We also decided to explore similar questions using a pair of databases available online formatted by other labs:

  • Jon Palmer's amptk. Following installation, you'll need to install the database and then convert it to a fasta file. Note that in the case of Jon's database, this is strictly the BOLD records pulled using his pipeline - the actual classification incorporates additional UTAX and SINTAX databases which are trained from these records. The point of using the BOLD only records is simply to understand how different filtering parameters from the same resource (BOLD) can retain distinct taxa.
## assumes Conda install
amptk install -i COI
cd ~/.conda/envs/amptk/lib/python3.6/site-packages/amptk/DB
vsearch --udb2fasta COI.udb --output amptk.coi.fasta
  • Terri Porter's Eukaryote CO1 mtDNA datasets.
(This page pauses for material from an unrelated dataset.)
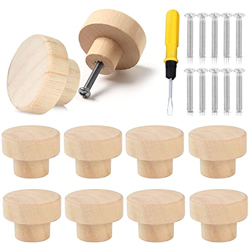 Jokily 10 stycken trälådhandtag, möbelknappar, trälådhandtag, skåpknappar med skruvar, handtag möbelknappar, knoppar för skåp och lådor, rund 35 x 25 mm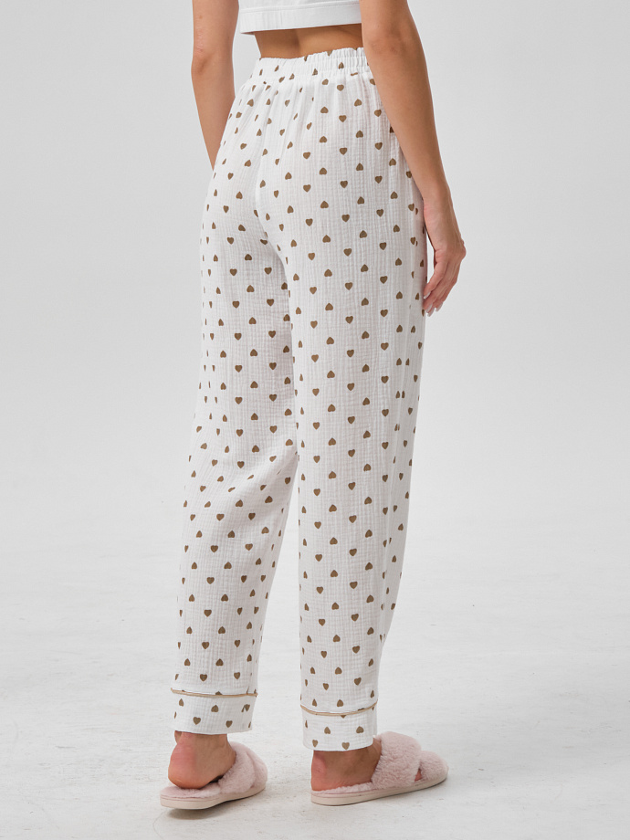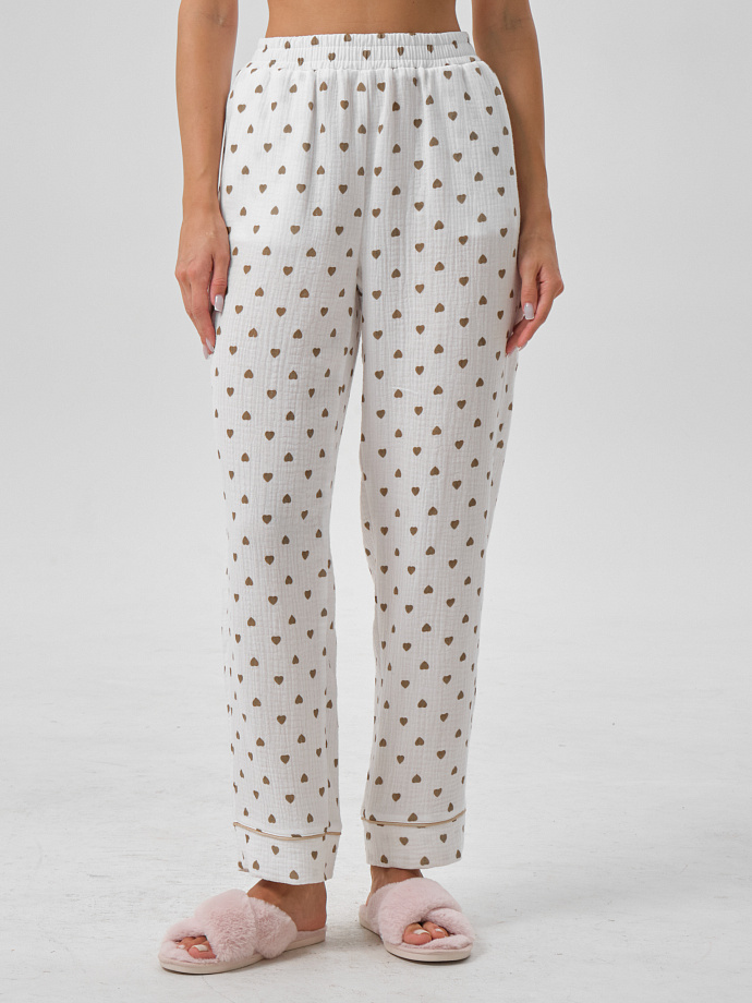 Модель зауженная к низу, на эластичном поясе. В боковых швах карманы. По низу обработаны манжеты. Брюки декорированы контрастным кантом.

We can download this fasta file directly from their v3.2 release here.
wget https://github.com/terrimporter/CO1Classifier/releases/download/v3.2-ref/CO1v3_2_training.tar.gz
tar xzf CO1v3_2_training.tar.gz

Note that both the Palmer and Porter databases contain non-arthropod COI sequences. In the case of the Palmer dataset, it contains chordate and arthropod records, while the Porter dataset contains chordate, arthropod, and microeukaryote COI sequences. For the purposes of our evaluations, we restricted our comparisons to records identified as Arthropod and ignored all non-arthropod records. In addition, the Porter dataset is not dereplicated, thus we created both a dereplicated and non-dereplicated dataset for different downstream analyses (see database_composition.R script). The Palmer data is already dereplicated.

Palmer database filtering

Filtering the Palmer dataset:

## see `database_construction.md` for details on virtual environment setup
source activate arrR
seqkit grep -r -p 'p:Arthropoda' amptk.coi.fasta -w 0 > palmer.arthCOI.fasta

This reduces the initial 1,617,885 COI records down to 1,565,831 sequences.

Porter database filtering

This takes a bit more work: first, remove all the non-arthropod records:

grep ';Arthropoda;' -A 1 mytrainseq.fasta |  sed '/--/d' > porter.arthCOI.fasta

Next, generate a QIIME-styled OTU table for all arthropod records:

pick_otus.py -i porter.arthCOI.fasta -o porter_pid100_otus --similarity 1.0 --threads 24

Create a fasta file with the headers stripped of any taxonomy information:

cat porter.arthCOI.fasta | sed '/^>/s/\s.*$//' > porter.arthCOI_notax.fasta.tmp

then create a taxonomy mapping file:

cat porter.arthCOI.fasta | grep '^>' | sed 's/^>//' | cut -d ' ' -f 1 > tmp.left
cat porter.arthCOI.fasta | grep '^>' | sed 's/^>//' | cut -d ' ' -f 2- | cut -d ';' -f 4- > tmp.right
paste -d '\t' tmp.left tmp.right > porter.taxa.tmp
rm tmp.left tmp.right

and run the LCA algorithm to create a taxonomy string that is appropriately classified:

python create_consensus_taxonomy.py porter.taxa.tmp porter.arthCOI_notax.fasta.tmp ./porter_pid100_otus/porter.arthCOI_otus.txt porter_outmap.txt

Finally, we create an updated fasta file by dereplicating the sequences with VSEARCH:

vsearch --derep_fulllength porter.arthCOI_notax.fasta.tmp --output porter.derep.fasta --relabel_keep --threads 4 --fasta_width 0 --notrunclabels

Filtering for Arthropod records reduces the initial 1,280,577 COI records down to 883,979 sequences. Dereplication further reduces these records down to 515,780 distinct sequences.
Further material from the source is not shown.